◆ ASSIGNED TASK ◆
The required answer is an exact copy of the lines from the one containing "(2)在安装过程中,需对安装" to the end of the listing, both included, without any pictures.

◆ PROVIDED DATA ◆
BEGIN
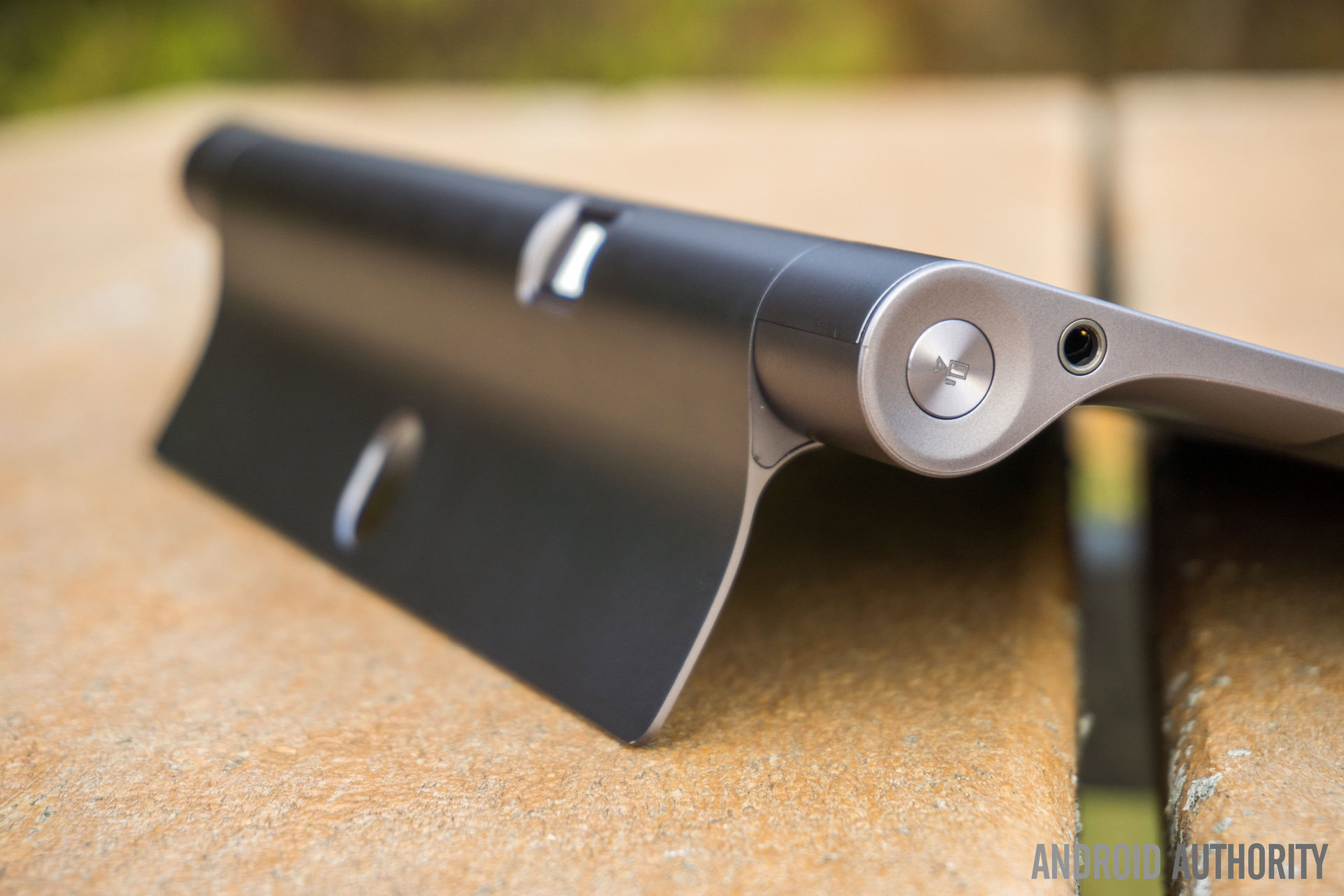 Taking a look around the device, the power button is on the right side of the cylinder, with a notification LED ring around it, and below you’ll find the microUSB port and the volume rocker. On the opposite end of the cylinder is the button to power up the pico projector, which has now been moved to just off center of the tube, instead of at the end of cylinder as seen with the Yoga Tablet 2 Pro, and below the projector button is the headphone jack. The placement of the power button and the projector button can take some getting used, and you might find yourself accidentally triggering the projector initially. Opening the kickstand reveals a plastic cover that houses the microSD card slot.
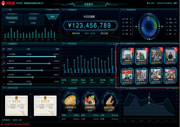 改造后的市场内配置大数据展示屏。大数据屏是市场整体运行情况的展示平台,主要呈现市场形象、促销信息、客流数据、巡检直播、交易数据总览、商品分类占比、市场交易走势、每日检测数据、菜价公示、平价菜平价肉等共计 18 个模块,所有数据和后台系统联动实时更新。通过相关数据的可视化为市场管理方的后续经营重点、经营策略供依据,同时能够刺激市场内良性竞争(如,热销铺排行可为消费者供消费导向,刺激商户通过升服务品质吸引消费者,从而形成良性循环)。
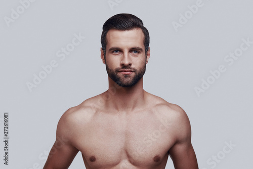 © G-Stock Faces, Fototapeta premium Young and handsome. Handsome young man looking at camera and smiling while standing against grey background
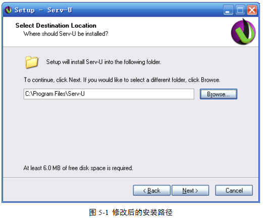 (2)在安装过程中,需对安装路径略作修改。修改的目的是便于接下来的汉化工作。在图5-1所示的安装路径里面,将字符串“\RhinoSoft.com”手动删除,确保程序的最终安装路径为:C:\Program Files\Serv-U。然后单击Next按钮。
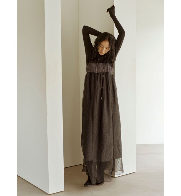 異なるチェック柄をチュール生地の上にレイヤードし、動きのある表情がポイントのキャミワンピース ■デザイン 裾にかけて自然に広がるフレアシルエットと、ギ.. |
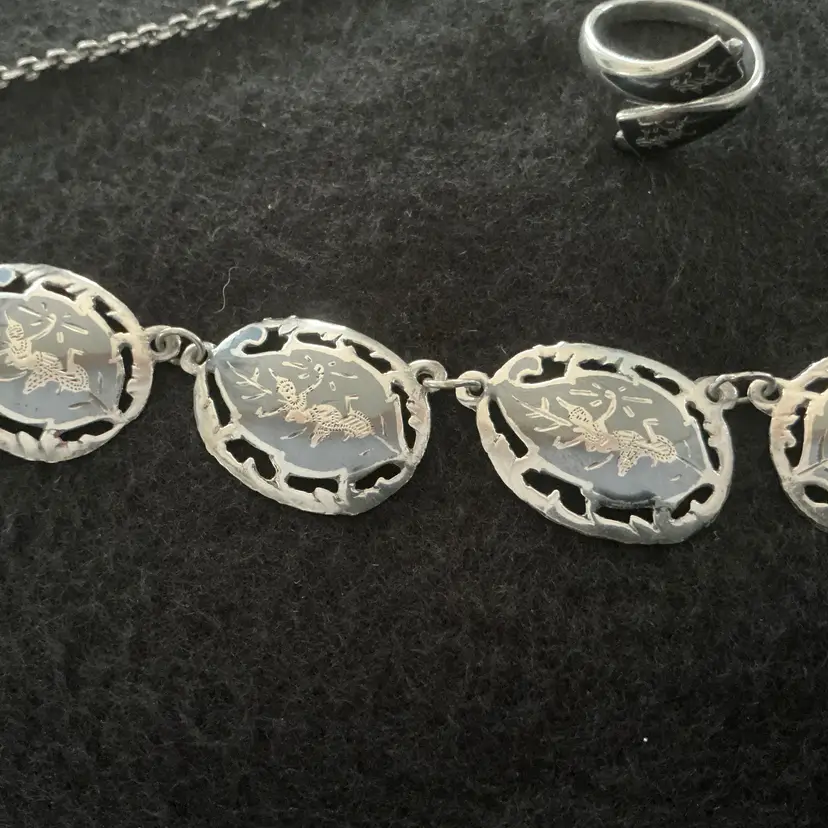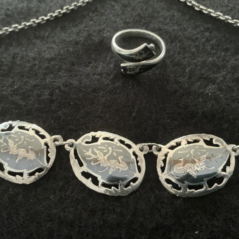 Very nice Vintage Siam Necklace and Ring set Necklace 16" with hook closure Ring 6.5" Both pieces stamped SIAM STERLING Good vintage condition
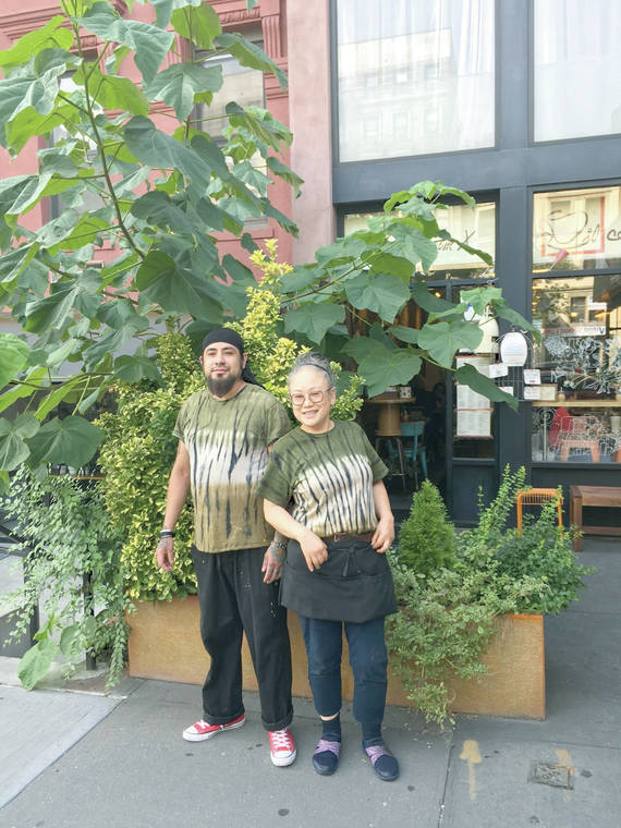 Courtesy of VOLTAIRE MOISE Owner of Caffe Latte Harlem, Younghee Han, and chef Jorge Apango proudly show off their tropical-looking mini garden featuring Paulownia tomentosa, or princess tree or empress tree, for a bold effect.
END
◆ WRITTEN ANSWER ◆
 (2)在安装过程中,需对安装路径略作修改。修改的目的是便于接下来的汉化工作。在图5-1所示的安装路径里面,将字符串“\RhinoSoft.com”手动删除,确保程序的最终安装路径为:C:\Program Files\Serv-U。然后单击Next按钮。
 異なるチェック柄をチュール生地の上にレイヤードし、動きのある表情がポイントのキャミワンピース ■デザイン 裾にかけて自然に広がるフレアシルエットと、ギ.. |
 Very nice Vintage Siam Necklace and Ring set Necklace 16" with hook closure Ring 6.5" Both pieces stamped SIAM STERLING Good vintage condition
 Courtesy of VOLTAIRE MOISE Owner of Caffe Latte Harlem, Younghee Han, and chef Jorge Apango proudly show off their tropical-looking mini garden featuring Paulownia tomentosa, or princess tree or empress tree, for a bold effect.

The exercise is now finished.